Thursday 12th September: Euro tests 1.10 ahead of ECB policy decisions and President Draghi’s press conference.

36093   September 12, 2019 08:33   ICMarkets   Market News  

Key risk events today:

Europe Main Refinancing Rate and Monetary Policy Statement; ECB Press Conference; US CPI m/m and Core CPI m/m.

EUR/USD:

Firmer-than-forecast US PPI contributed to the buck’s advance Wednesday, though the dollar index largely broke higher on the back of pronounced euro weakness ahead of today’s ECB policy decisions and President Draghi’s press conference.

The producer price Index for final demand rose 0.1% in August, seasonally adjusted, the US Bureau of Labour Statistics reported yesterday. Final demand prices moved up 0.2% in July and 0.1% in June. The index for final demand less foods, energy, and trade services rose 0.4% in August following a -0.1% decline in July.

EUR/USD technicals have the H4 candles shaking hands with key figure 1.10 into the close, despite a whipsaw to September’s opening level nearby at 1.0989. The move likely tripped sell stops, both from traders attempting to long 1.10 and also breakout sellers. An advance from current price has tops around the 1.1050 region to target (red area), closely shadowed by August’s opening level at 1.1079, trend line support-turned resistance (taken from the low 1.1028) and the 1.11 handle. A rotation south, on the other hand, has last Tuesday’s low at 1.0926 in sight, followed by 1.09.

Higher-timeframe analysis shows weekly price to be languishing south of 1.1119-1.1295, a demand-turned resistance area. Current action is still leaning towards a retest of the zone, though a run to the 2016 yearly opening level at 1.0873 is also a possibility. Elsewhere, daily flow remains buoyed by demand pencilled in at 1.0851-1.0950 – houses the 2016 yearly opening level within its lower limits. Trend line resistance taken from the high 1.1412 remains the initial port of call for upside targets on this scale.

Areas of consideration:

Ahead of today’s ECB policy decisions and President Draghi’s press conference, price action will likely consolidate around 1.10. Technically, the weekly timeframe points to lower prices, at least until reaching 1.0873, though faces support from the upper base of demand on the daily timeframe at 1.0851-1.0950 before reaching 1.0873.
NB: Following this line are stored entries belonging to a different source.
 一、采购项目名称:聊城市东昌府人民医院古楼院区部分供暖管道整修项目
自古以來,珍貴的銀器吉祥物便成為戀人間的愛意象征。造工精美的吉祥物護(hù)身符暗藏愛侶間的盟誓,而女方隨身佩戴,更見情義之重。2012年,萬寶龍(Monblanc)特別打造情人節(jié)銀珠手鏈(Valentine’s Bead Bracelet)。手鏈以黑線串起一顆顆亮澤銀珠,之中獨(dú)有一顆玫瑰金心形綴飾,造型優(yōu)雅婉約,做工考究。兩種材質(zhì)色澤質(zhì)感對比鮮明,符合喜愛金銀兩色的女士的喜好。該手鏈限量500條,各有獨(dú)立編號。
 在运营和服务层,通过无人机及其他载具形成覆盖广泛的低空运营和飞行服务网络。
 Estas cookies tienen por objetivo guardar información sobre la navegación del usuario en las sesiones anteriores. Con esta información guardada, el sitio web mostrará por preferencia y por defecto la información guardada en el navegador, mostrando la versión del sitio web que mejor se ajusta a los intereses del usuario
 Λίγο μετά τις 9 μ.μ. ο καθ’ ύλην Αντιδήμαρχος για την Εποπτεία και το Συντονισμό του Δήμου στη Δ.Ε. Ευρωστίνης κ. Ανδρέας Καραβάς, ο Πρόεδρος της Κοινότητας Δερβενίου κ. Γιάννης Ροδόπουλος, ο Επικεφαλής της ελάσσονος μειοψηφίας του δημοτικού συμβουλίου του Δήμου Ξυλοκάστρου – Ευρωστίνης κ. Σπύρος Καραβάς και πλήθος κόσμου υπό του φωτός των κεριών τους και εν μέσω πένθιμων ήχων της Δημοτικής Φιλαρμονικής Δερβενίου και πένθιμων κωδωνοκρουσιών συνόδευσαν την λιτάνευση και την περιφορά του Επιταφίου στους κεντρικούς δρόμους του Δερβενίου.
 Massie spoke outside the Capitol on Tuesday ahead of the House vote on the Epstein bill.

H4 resistances to be aware of for potential selling, should we press higher following ECB movement, are August’s opening level at 1.1079 and its intersecting trend line resistance, the 1.11 handle and the closely converging daily trend line resistance and June’s opening level at 1.1165. 
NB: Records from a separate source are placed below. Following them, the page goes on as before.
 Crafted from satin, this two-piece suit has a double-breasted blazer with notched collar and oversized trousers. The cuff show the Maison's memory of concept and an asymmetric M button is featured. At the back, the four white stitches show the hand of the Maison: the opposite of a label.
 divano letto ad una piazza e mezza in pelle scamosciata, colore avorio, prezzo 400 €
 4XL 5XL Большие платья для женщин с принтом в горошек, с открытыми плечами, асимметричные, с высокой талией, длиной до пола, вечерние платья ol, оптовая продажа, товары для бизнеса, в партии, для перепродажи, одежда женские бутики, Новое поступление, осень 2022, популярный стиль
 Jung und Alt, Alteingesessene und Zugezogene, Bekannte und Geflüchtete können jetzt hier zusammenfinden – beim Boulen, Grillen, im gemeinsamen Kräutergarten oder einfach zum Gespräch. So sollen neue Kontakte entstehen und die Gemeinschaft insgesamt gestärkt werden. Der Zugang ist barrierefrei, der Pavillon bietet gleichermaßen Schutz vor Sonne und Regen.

In the event we turn lower, however, watch for 1.10 to be taken followed up by a retest for possible selling opportunities, targeting the top edge of daily demand at 1.0950 as the initial target.

GBP/USD:

Sterling concluded a shade lower vs. the buck Wednesday, largely weighed by a robust dollar index on the back of pronounced euro weakness ahead of today’s ECB policy decisions.

Despite the recent descent, technical structure remains unaltered according to our chart studies. As a result, much of the following report will echo thoughts aired in Wednesday’s briefing.
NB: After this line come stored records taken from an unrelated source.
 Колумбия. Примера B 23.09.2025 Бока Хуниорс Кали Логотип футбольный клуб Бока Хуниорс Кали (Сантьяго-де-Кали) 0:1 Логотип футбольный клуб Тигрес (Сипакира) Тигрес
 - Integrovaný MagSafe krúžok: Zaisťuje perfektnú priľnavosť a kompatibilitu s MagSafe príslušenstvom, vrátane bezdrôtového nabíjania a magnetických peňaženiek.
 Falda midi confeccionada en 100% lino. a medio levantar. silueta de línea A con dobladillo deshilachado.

From a technical perspective, having seen the notable high set at 1.2309 (black arrow) recently engulfed on the H4 scale, traders, particularly on the H4 timeframe and lower, are likely eyeing higher movement. However, this comes at a price. Higher-timeframe analysis has a weekly resistance area positioned at 1.2365-1.2615 in motion, and daily price tackling resistance at 1.2374, closely shadowed by the 50.0% resistance value at 1.2399.

Areas of consideration:

Considering the technical position on the higher timeframes, sellers likely have the upper hand. Before pressing the sell button, though, traders are urged to let H4 price prove itself: reclaiming 1.23 to the downside which should clear the pathway south to at least 1.22. A H4 close below 1.23 that’s followed up by a retest is considered an ideal sell signal (entry and risk can be determined on the back of the rejection candle’s framework).

 

AUD/USD:

The Westpac-Melbourne Institute Index of Consumer Sentiment declined by 1.7% to 98.2 in September from 100 in August, according to Westpac Banking Corporation yesterday. Following the release, AUD/USD movement turned lower and came within touching distance of connecting with August’s opening level at 0.6848 on the H4 timeframe.

Thanks to a somewhat lacklustre close, technical structure remains unchanged and, therefore, the following will offer a similar outlook put forward in Wednesday’s briefing.  

Kicking things off on the weekly timeframe, we can see the pair staged a strong comeback last week. By way of a bullish outside day, the unit wrapped up the week north of support at 0.6828. If buyers remain in the driving seat, an approach towards the 2019 yearly opening level at 0.7042 is likely on the cards.

In conjunction with weekly structure, the daily timeframe also ended last week north of support at 0.6833. The next upside target on this scale, nonetheless, falls in at 0.6910, a swing resistance, though beyond here the research team has eyes on Quasimodo resistance at 0.7047 and resistance at 0.7062. It might also interest some traders to note the 200-day SMA also lurks close by at 0.7023 (orange).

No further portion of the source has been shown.